# Gloves/tabs/soft/hard?



## e-manhunt (Sep 14, 2004)

I taught myself to shoot long, long ago and always used a soft Damascus type glove. I have a leather tab, but never really gave it much of a try. I see gloves/tabs out there with Cordura, thick leather, calf's hair etc. Some of these are a lot more $ than my Damascus glove. What do you guys think in terms of smooth release from soft v. hard gloves/tab? glove v tab? I know alot depends on personal preference, but before Itreat myself to some expensive new thing, I'd like to hear whether I'd be wasting money or whether I could expect some real benefit.

Thanks


----------



## dsheffey (Jul 20, 2007)

I use calf hair tabs. Leather ones tend to squeak against the nock while I'm at full draw and that bugs me. Plastic tabs were always too slick for me I felt like the string was going to slip off my fingers. I never have tried to shoot a compound with a glove. I'd think it would just add to the finger pinch problem.

I prefer to shoot my stick bows with a Damascus glove. Great string feel and smooth release but my ring finger can't stand much of it.


----------



## AKRuss (Jan 10, 2003)

I use to shoot Damascus gloves with lighter recurves and heavier Grizzly gloves with heavy bows. I preferred the lighter Damascus gloves but they did not provide enough protection for my fingers when shooting 70+# bows. I don't have that problem anymore because I can't pull anywhere near 70#, LOL. I tried shooting longbows with Howard Hill type glove with very thick and stiff finger stalls. Although the releaese did seem a lot better, it always felt like I didn't have the same amount of control. I'm shooting tabs now and think they provide a much better release. It takes me several weeks to get use to shooting a new tab or glove or switching from glove to tab and even longer if I cheat and shoot the old one for a relief. It's a matter of opinion and preference but I like the Cavalier tab and am currently shooting the one with faux leather. The tab has a nylon plate that doesn't mark the bow and the new fake leather seems to be really tough and long lasting, unlike the old stuff. I also like the Cordovan leather Cavalier tab and the Cordovan leather Black Widow tab. You can, of course, make your own tab which at least I can't say about gloves.


----------



## Limey (May 6, 2005)

Gloves vs Tabs is a personal thing.

I have always shot a Wilson Black Widow tab in large size as it fits my fingers without any need for trimming. I like the extra prtotection of a clove and I get a cleaner release.

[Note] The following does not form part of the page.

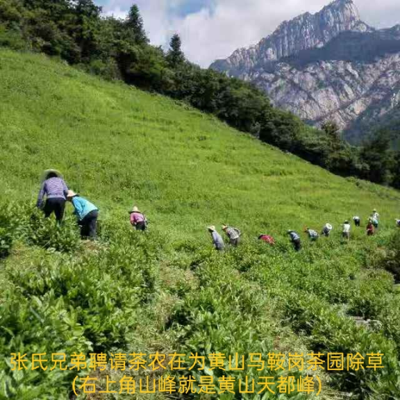 精神抖擻的張建洪和身材魁梧張建軍與我聊得非常投機(jī),對(duì)于制茶,他倆如數(shù)家珍,娓娓道來(lái),我是聽(tīng)得津津有味,興致超然:黃山毛峰生長(zhǎng)在北緯30°08的位置,此區(qū)域地質(zhì)地貌、物種礦藏、水文氣候等復(fù)雜多樣,地球上神秘現(xiàn)象也比較集中,自然和人文景觀更加密集。位于亞熱帶和溫帶的過(guò)度地帶,降水相對(duì)比較豐沛,植物茂盛。黃山地區(qū),由于山高,土質(zhì)好,溫暖濕潤(rùn),“晴時(shí)早晚遍地霧,陰雨成天滿(mǎn)山云”,云霧縹緲,很適合茶樹(shù)生長(zhǎng),因而葉肥汁多,經(jīng)久耐泡;加上黃山遍生蘭花,采茶之際,正值山花爛漫,花香的熏染,使黃山茶葉格外清香,風(fēng)味獨(dú)具,而且產(chǎn)茶歷史悠久。他倆利用這得天獨(dú)厚的地理優(yōu)勢(shì)——黃山景區(qū)天都峰前山的馬鞍崗茶園,歷史上曾稱(chēng)之為黃山毛峰“四大名家”之一。此茶園海拔600-800米,氣候溫涼、雨量充沛、土染深厚肥沃,有機(jī)質(zhì)含量高,遠(yuǎn)離工業(yè)污染,空氣清新,水質(zhì)潔凈,非常適合開(kāi)發(fā)名優(yōu)茶。采自此正宗高山的生態(tài)綠茶,香溢、味醇、形美、耐沖泡,含有豐富的營(yíng)養(yǎng)成分及微量元素;馬鞍崗高山茶更具有生津止渴、提神醒腦、美容養(yǎng)顏、明目、清熱等解毒之功效,是名副其實(shí)的綠色食品茶。

NeilM shoots a glove and does it very well and is now amongst the top Ltd style 3D archers in the UK, which is a place I used to be for a good few years before my target panic.

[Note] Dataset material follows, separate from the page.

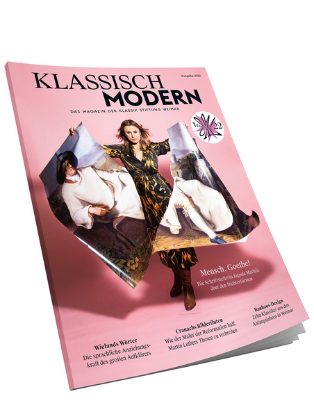 Mit dem Magazin „klassisch modern“ erhalten Sie Geschichten aus der Stadt der Dichter und Denker, exklusive Interviews mit Kurator*innen und spannende Reportagen mit Blicken hinter die Kulissen der größten Kulturstiftung Deutschlands.

Tom Milner the top Ltd 3D archer (my opinion) uses a glove, when he shoots fingers, he came 2nd in Unlimited at our National Champs this year so did not defend his fingers title. But will beat 95%+ release shooters with fingers. I know I have had that masterclass, good job I consider him a friend.

An old friend of mine (now lives in Canada) Adrian Dipola who won 2 IFAA world titles used a glove.

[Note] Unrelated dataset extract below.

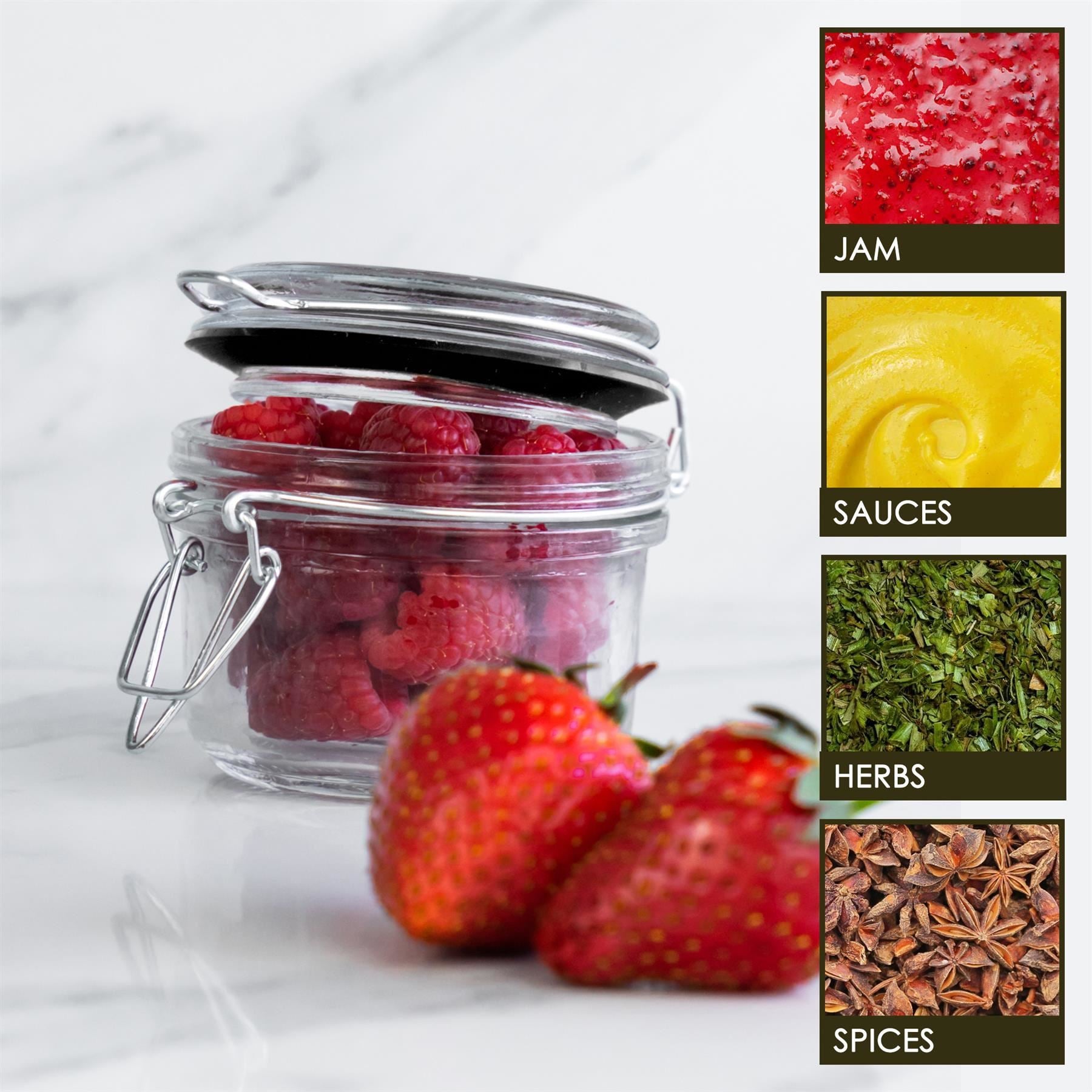 A stainless steel twisted wire clip top lid locks freshness and flavour inside the jar with the aid of a sturdy silicone ring - designed to offer far greater longevity of performance than traditional rubber.

Every time I try a glove I keep going back to a tab as it work better for me.

I have been shooting my Martin Slayer most nights in my garage, trying to get used to fingers again and I thought about trying the glove again last night. I even tried a glove when shooting Longbows but went back to the tab.

So I can only tell you a tab works better for me but you may find its worse.


----------



## e-manhunt (Sep 14, 2004)

Do you tab shooters feel you get a slicker release with the tab? I feel like i have less feel for the string with a tab, and therefore less control over the release. I thought i once heard that a tab helps all the fingers come off thestring together -- more uniformly.


----------



## dsheffey (Jul 20, 2007)

I feel like I get a cleaner release with a tab. Gloves always get a groove for me.

I know what you're saying about a tab giving less feel for the string. Most of my tabs are the simple calf hair tab that Wal-Mart used to sell. I'd cut the extra piece of leather off so that I only had the hair piece left. It's really thin and almost like shooting bare finger but still a smooth release.


----------



## NeilM (May 22, 2006)

WOW! Limey, you've made me blush:embarasse.

Tom first: Tom Milner, who is also in my opinion the best compound finger shooter in the UK, uses a Martin glove. It is old and the finger tips are pretty hard, but that's how he likes it.

I have used Neet gloves for years and actually like the groove that forms as it allows me to 'snap' my loose. However, this year I have been using the same style glove, but a really cheap and nasty one which is made of much thinner leather, it won't last as long, but I get a really good feel for the string.

I guess I must be getting something right, as I have managed five Robin Hood's with two different bows this season (yeah, you get tired of it real quick).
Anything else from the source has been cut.